Христианство и страх - Оскар Пфистер
Шрифт:
Интервал:
Закладка:
В части, посвященной теории страха, мы говорили о магическом характере обсессий. Мы показали его на примере пекаря, десятилетиями страдавшего от уверенности в том, что он повинен в смерти человека, которого проклял, хотя он знал, что ни при чем. Некая сила заставила его приписать своему проклятию магическое действие, сколь бы решительно ни противился этому разум. Мы обратили внимание на то, что если задуматься о загадочной принуждающей силе, то на ум приходит примитивная метафизика: больной приписывает этой силе обладание способностью желать, налагающее определенные воззрения, то есть она расценена как духовная. Отсюда до веры в демонов – маленький шаг. Временами невротик, страдающий от навязчивых идей, воображает божественную карающую силу или видит в компульсии защиту, данную ему для его же блага, – как пример можно привести то же навязчивое мытье рук, причем здесь навязчивость легко превращается в стереотипную инсессию. Мы уже упоминали о чрезвычайно частом явлении, так неудачно названном «верой во всесилие мышления». Иные невротики склонны мысленно, а чаще вслух произносить слова вроде «чур меня!» и даже совершать некие действия, чтобы предотвратить беду – например, стучать по дереву, чтобы с ними не случилось несчастье. В этом «суеверии» – метафизика навязчиво-невротического происхождения, апотропеическое волшебство или магия, выбирайте что хотите.
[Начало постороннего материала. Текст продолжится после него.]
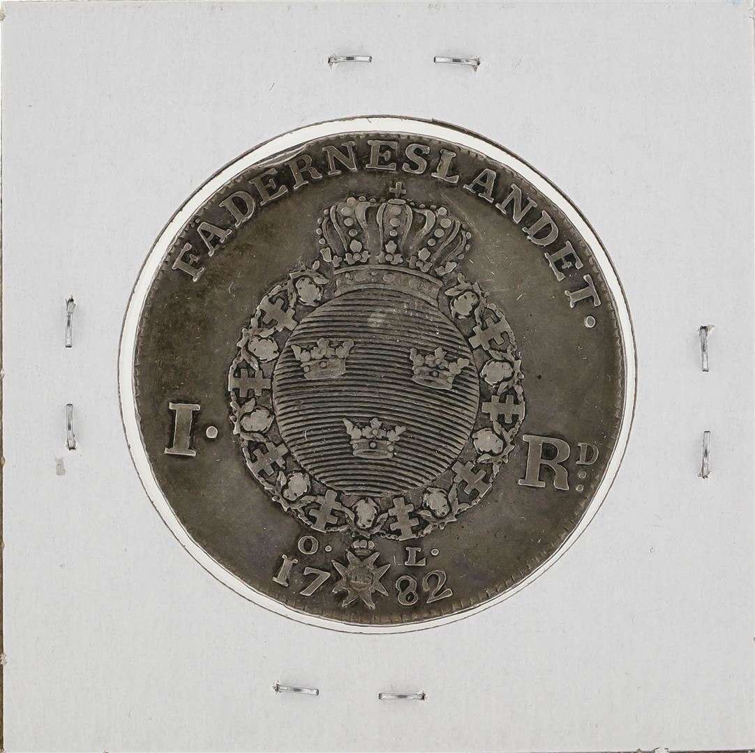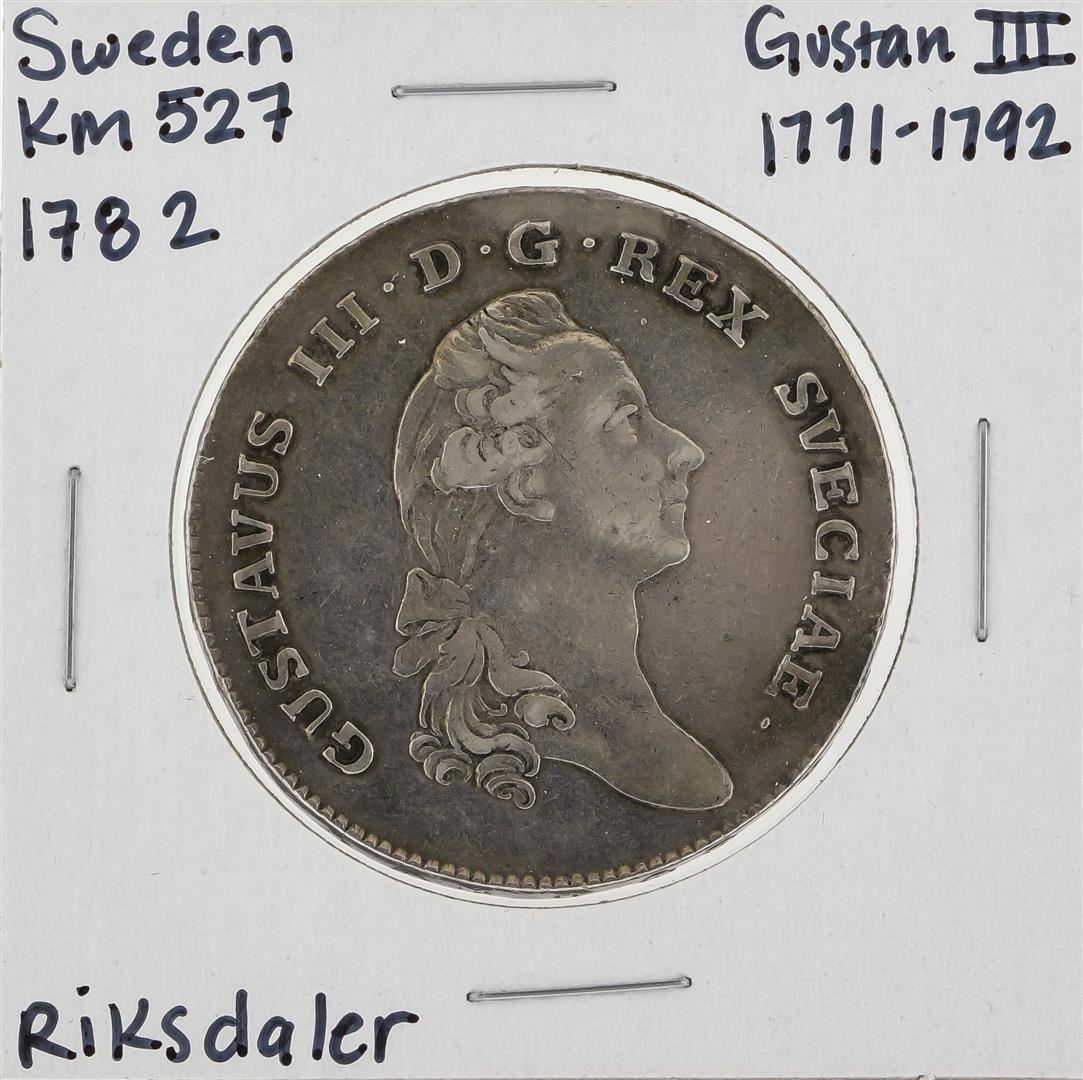 One 1782 Sweden KM527 Gustavus III Riksdaler Coin.

Стоит заметить, что такие позитивные и негативные навязчивости, проявленные как часть болезненной частной магии, – другими словами, обсессии, – отличаются от католического обряда. Бертолет считает очень важным, что в истинной магии действует машинальная и чисто вещественная сила, а в религии, которую он четко отделяет, ритуал оказывает влияние на личную (божественную) волю, свободную решить так или иначе[408]. Но он сразу же соглашается с тем, что магическое мышление, иными словами, мысль о магической неодолимой силе, часто входила в религиозные верования. Некоторые больные, страдающие от навязчивой идеи хранить молчание, временами приписывали это повеление то божественной, то дьявольской силе, а иногда – силе безликой, действующей через волшебство или магию. Здесь все так же, как и в случае с личными повелениями, продиктованными компульсией. Психологически условия возникновения этих трех случаев схожи, и их симптомы склонны соединяться.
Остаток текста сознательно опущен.